Иногда по вечерам он ходил также в казино «Каде», известное малопристойными танцами, канканом и назойливыми проститутками. Чаще всего его спутниками были Шанфлёри и Константен Гис. Он бродил там с мрачным видом, среди разгоряченных девиц и игривых участников ужина. Играла оглушительная музыка, юбки взлетали выше колен, у всех был жизнерадостный вид, все спешили насладиться жизнью, — все, кроме этого никогда не улыбавшегося гостя в черном, с глазами убийцы. Случайно встретив его в толпе веселящихся, Шарль Монселе спросил: «Что вы тут делаете, Бодлер?» Тот невозмутимо ответил: «Дорогой друг, я рассматриваю окружающие меня черепа».
Это не мешало ему время от времени «снимать» какую-нибудь из девиц. В своей записной книжке он аккуратно записывал адреса тех дам, что предоставляли кратковременные утехи. Целая лавина всяких Аделей, Адриенн, Луиз, Фанни, Клеманс, Маргерит… — избранниц на одну ночь. Впрочем, на страничке, посвященной Агате, мы видим уточнения: «Прическа, как у маленькой девочки, ниспадающие на спину кудрявые волосы. Макияж. Брови, ресницы, губы. Помада, белила, мушки. Сережки, ожерелья, браслеты, кольца. Декольтированное платье, обнаженные руки. Никакого кринолина. Ажурные шелковые чулки, черные, если платье черное или коричневое. Розовые, если платье светлое.
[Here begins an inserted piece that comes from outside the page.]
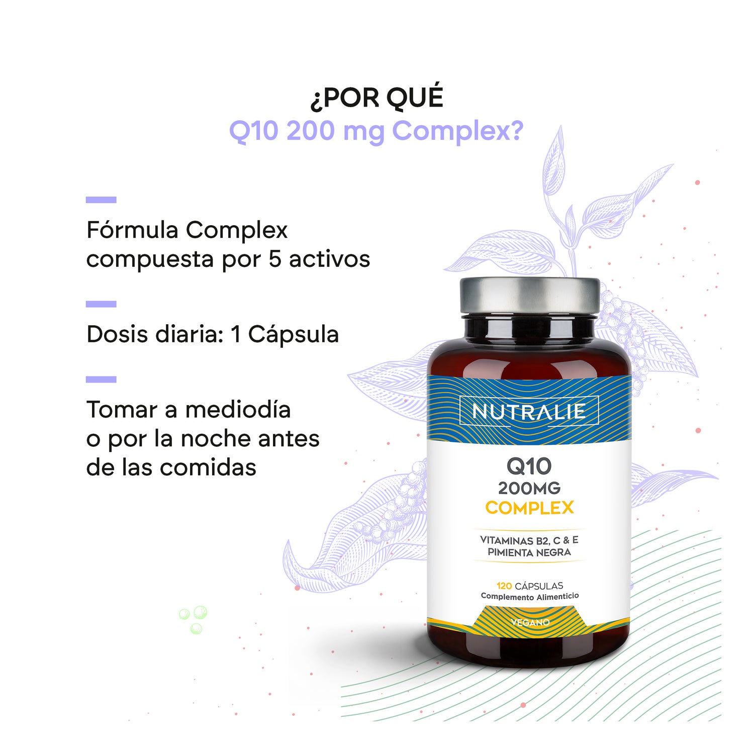 O Coenzima Q10 Complex da Nutralie é um suplemento alimentar formulado com 200mg de Q10 e 50mg de Vitamina C, E e B2. A Q10 é um potente antioxidante, que junto com a Vitamina C, E e B2, contribui para a proteção das células contra danos oxidativos, tornando-se um potente suplemento que ajuda na prevenção dos danos que os radicais livres causam às células. Assim, a Vitamina C e B2 presentes na nossa fórmula também ajudam a diminuir o cansaço e a fadiga, e a Vitamina C contribui para o funcionamento normal do sistema imunológico.

Туфли очень открытые. Пикантные подвязки. Ванна. Руки и ноги очень ухоженные. Все тело надушено. Из-за прически — накидка на вечернее платье с капюшоном, если выезжаем.
Эту же мысль Бодлер повторяет в работе «Мое обнаженное сердце»: «
Однако этот мистический порыв, эта почти монашеская дисциплина прекрасно уживались в Бодлере с аномальным поведением, осуждаемым религиозной моралью. Он хотел верить в Бога и пребывать в грехе. Как он считал, настоящий человек — такой, каким задумал его Бог, — с неизбежностью соединяет в себе небеса и грязь. «В человеке, — писал он, — в любой момент сосуществуют одновременно два устремления: одно — к Богу, другое — к Сатане. Призыв к Богу, или духовность, — это воспарение, желание подняться ввысь; призыв же к Сатане, или животное начало, — это радость падения. К этой последней должны быть отнесены и любовь к женщине, и общение с животными, собаками, кошками и т. д. Радости, проистекающие от этих двух любовей, соответствуют природе этих любовей».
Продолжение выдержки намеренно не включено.